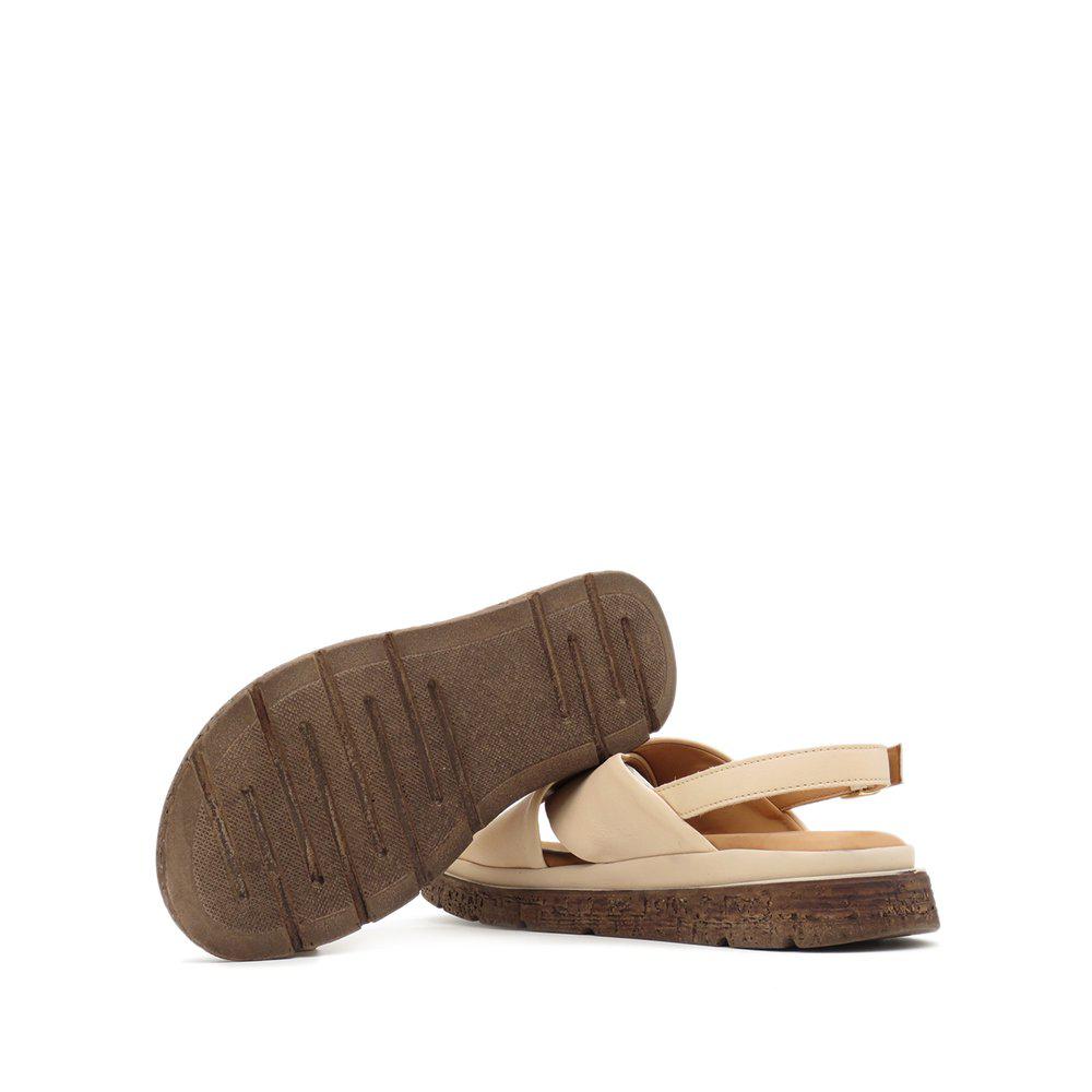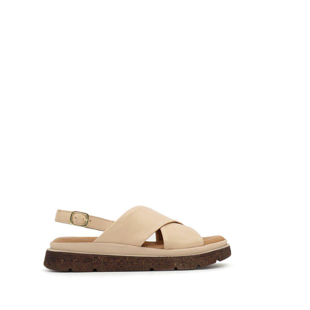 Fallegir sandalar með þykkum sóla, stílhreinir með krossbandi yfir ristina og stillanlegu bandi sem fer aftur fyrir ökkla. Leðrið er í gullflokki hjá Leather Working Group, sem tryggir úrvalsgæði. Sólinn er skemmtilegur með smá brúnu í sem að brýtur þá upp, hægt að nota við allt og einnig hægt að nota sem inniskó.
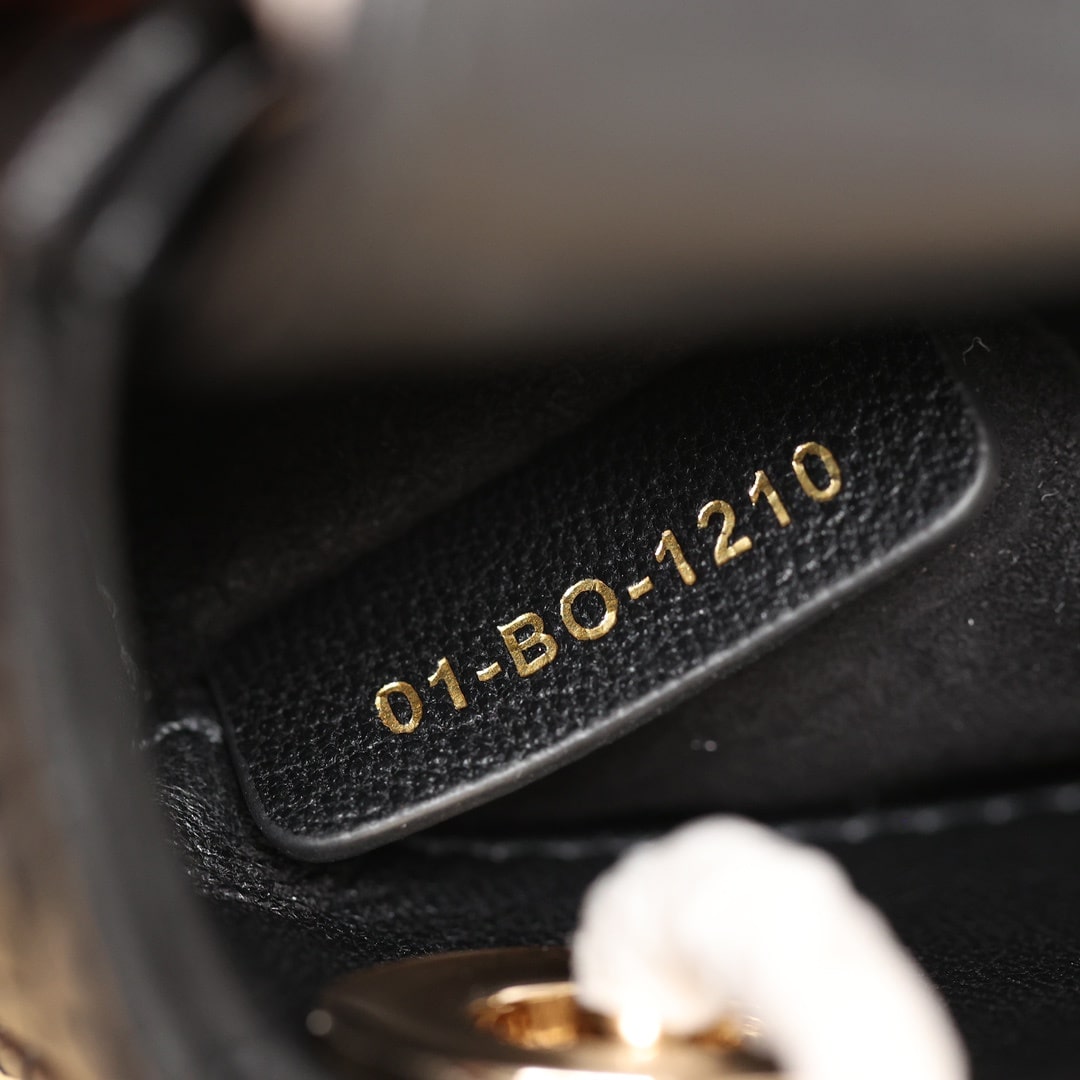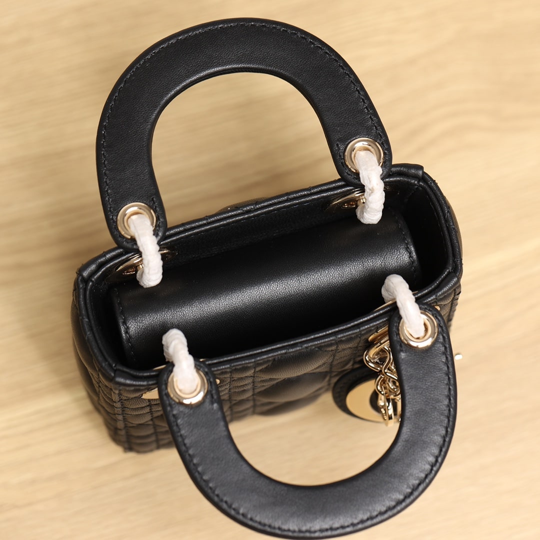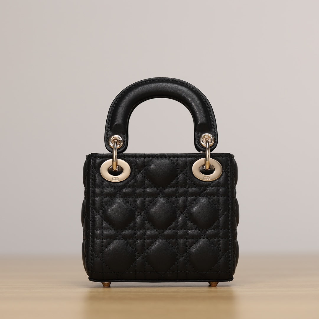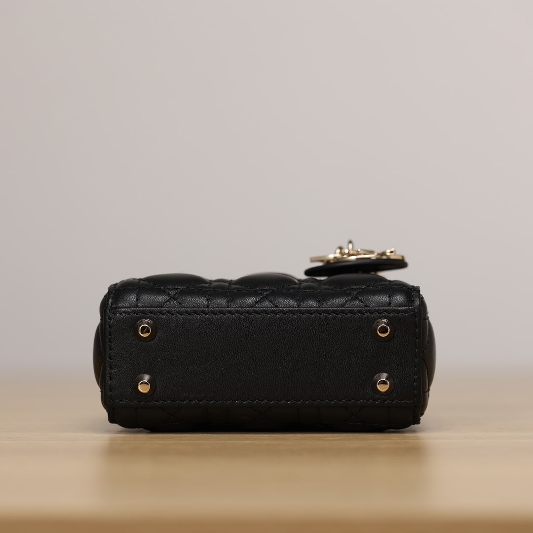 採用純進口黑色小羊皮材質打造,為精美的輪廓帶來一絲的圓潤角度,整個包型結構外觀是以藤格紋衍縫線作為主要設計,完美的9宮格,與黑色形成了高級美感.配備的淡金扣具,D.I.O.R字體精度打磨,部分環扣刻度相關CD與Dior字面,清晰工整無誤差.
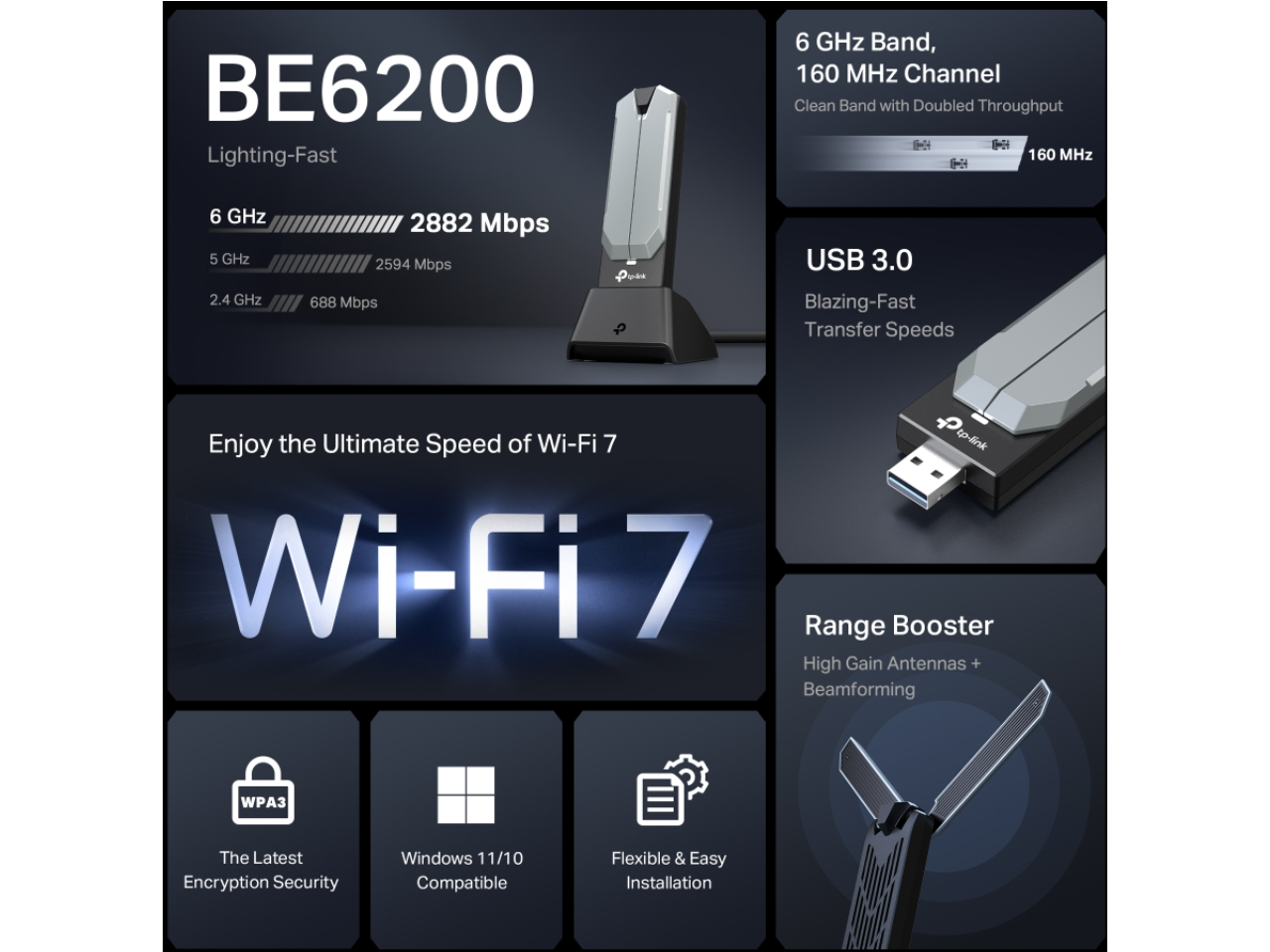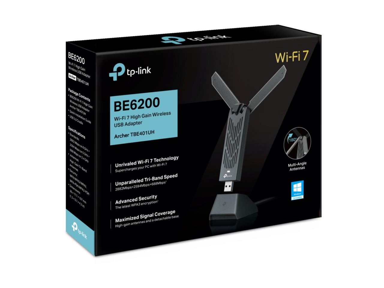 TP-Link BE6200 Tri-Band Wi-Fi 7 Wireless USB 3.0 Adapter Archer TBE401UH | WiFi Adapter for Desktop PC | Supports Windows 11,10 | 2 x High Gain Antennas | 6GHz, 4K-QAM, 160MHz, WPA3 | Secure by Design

= = = = = = =

Exercise goal =
Please reproduce the lines exactly from the one containing "採用純進口黑色小羊皮材質打造" through the last line of the data above, and keep the pictures out.

Finished task =
 採用純進口黑色小羊皮材質打造,為精美的輪廓帶來一絲的圓潤角度,整個包型結構外觀是以藤格紋衍縫線作為主要設計,完美的9宮格,與黑色形成了高級美感.配備的淡金扣具,D.I.O.R字體精度打磨,部分環扣刻度相關CD與Dior字面,清晰工整無誤差.
 TP-Link BE6200 Tri-Band Wi-Fi 7 Wireless USB 3.0 Adapter Archer TBE401UH | WiFi Adapter for Desktop PC | Supports Windows 11,10 | 2 x High Gain Antennas | 6GHz, 4K-QAM, 160MHz, WPA3 | Secure by Design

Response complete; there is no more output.